A useful diagnostic: ask ten people across the organisation who owns the end-to-end customer onboarding journey. If you get ten different answers — or ten variations of “it’s shared” — the structure has not yet changed, regardless of what the org chart says.
Technology Follows Structure
This is not an argument for delaying technology investment. Modern cloud infrastructure, AI-assisted decisioning, and API-first architecture genuinely expand what is possible. The argument is about sequencing and causality.
Technology is most powerful when it is deployed into an organisation that knows what it is trying to do, who is responsible for doing it, and how success will be measured. When technology is deployed into structural ambiguity, it amplifies the ambiguity — faster delivery of conflicting priorities, automated duplication of fragmented data, AI-assisted navigation of broken processes.
“Technology follows structure — not the other way around. The most dangerous belief in banking transformation is that the right platform will fix the wrong organisation.”
Before the next major technology programme, ask the structural questions first:
- Who owns this capability end to end?
- What happens when two teams disagree on direction?
- How many approvals does a change require, and why?
- Are the people making technical decisions the same people accountable for outcomes?

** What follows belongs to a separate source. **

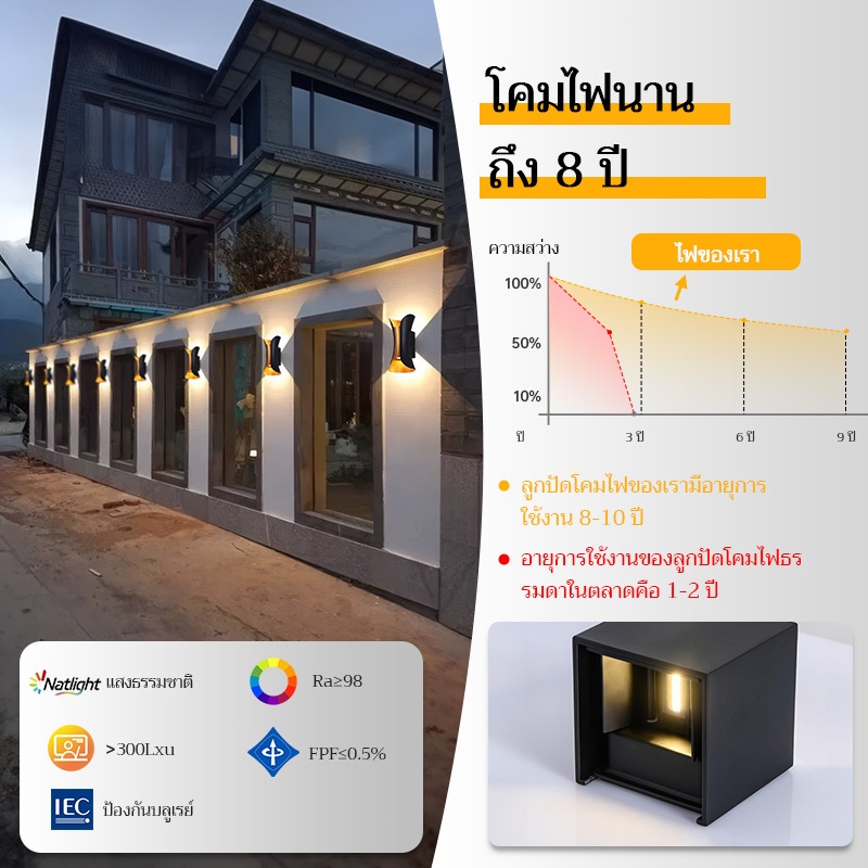 【รับประกัน 10 ปี】GEJIESE ไฟติดผนัง led IP65 กันน้ำ ไฟภายนอก แสงอบอุ่น โคมไฟติดผนัง ติดตั้งง่าย wall lamp

If those questions do not have clear, consistent answers, the technology investment will be constrained by the same structural friction it was meant to solve.
Closing Thought
The banks that will lead the next decade are not necessarily those with the newest technology stack. They are those that have done the harder work: clarifying who is responsible for what, aligning incentives to shared outcomes, and building structures that let talented people move fast without creating chaos for their colleagues.
Structure is not glamorous. It does not headline conference keynotes or generate analyst reports. But it is the substrate on which everything else is built — and until it is right, no amount of technology investment will deliver the transformation that banking organisations need.